According to reports, FTX owns the penthouse and the nearby condos, which are valued at $199 million.
Still, the IRS’s own actions could undermine the encouraging numbers about Bankman-Fried’s money return.
The United States government has brought 45 lawsuits against FTX and its affiliates, claiming the corporation is still owed $44 billion.
The IRS may utilize its power to take precedence, according to Zach Rosenberg, an attorney and principal at Rosehill Legal, a firm focusing on cryptocurrency, who told Forbes that the federal agency might also have first claim on the money.
“Because the IRS’s claim is administrative, it would take precedence over unsecured claims by default,” he stated.

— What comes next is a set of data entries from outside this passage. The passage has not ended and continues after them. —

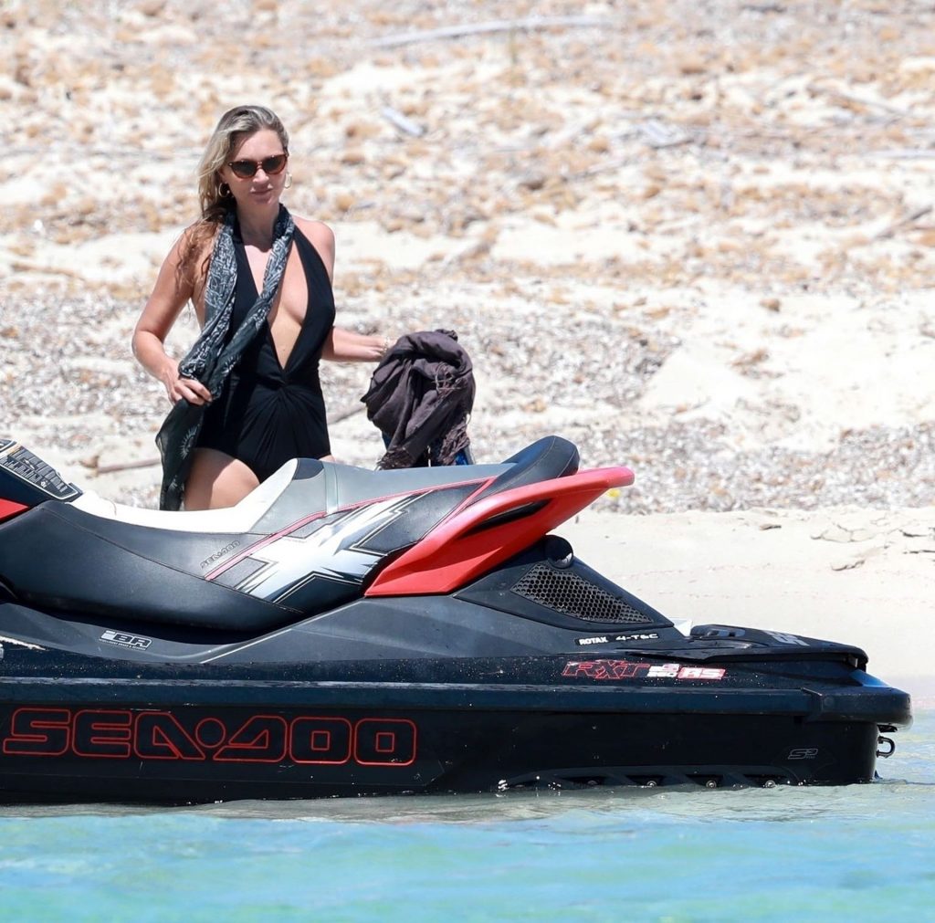A querida do mundo da moda aproveitou um dia divertido na praia, parecia muito animada com quase 30 graus de calor, e aproveitou as águas com um emocionante passeio de jet ski, além de relaxar na praia durante sua quente pausa espanhola.
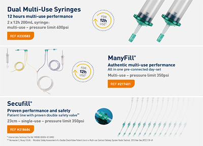 12시간 사용 (Multi-use) 제품은 매 환자마다 주사기와 튜브를 교체할 필요가 없습니다.(Secufill(급여) 제품만 1환자당 1개씩 사용)
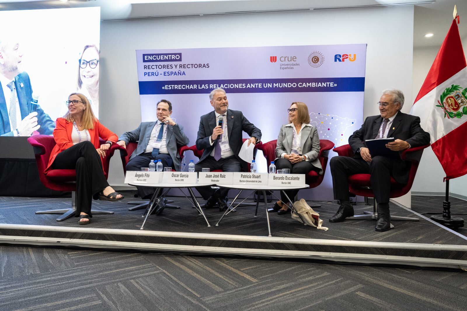 El evento, organizado por la Conferencia de Rectores de las Universidades Españolas (CRUE) junto con la Pontificia Universidad Católica del Perú, congregó a autoridades de universidades peruanas y españolas, quienes sostuvieron mesas de diálogo orientadas a fortalecer la cooperación académica, la innovación educativa, la empleabilidad y el impacto de la inteligencia artificial en la formación profesional.

However, since they never gave up legal rights to the assets they placed on FTX, it is unclear if the majority of clients have property interests or unsecured claims, which is the focus of a case brought against the estate.
He did, however, note that the IRS’s $44 billion estimate might be greatly overstated.
“According to the information at hand, it seems the IRS assessed the estate for jeopardy and assessed as much as it could at every level of the organization,” he said.
“That $44 billion figure almost certainly contains a significant amount of duplication.”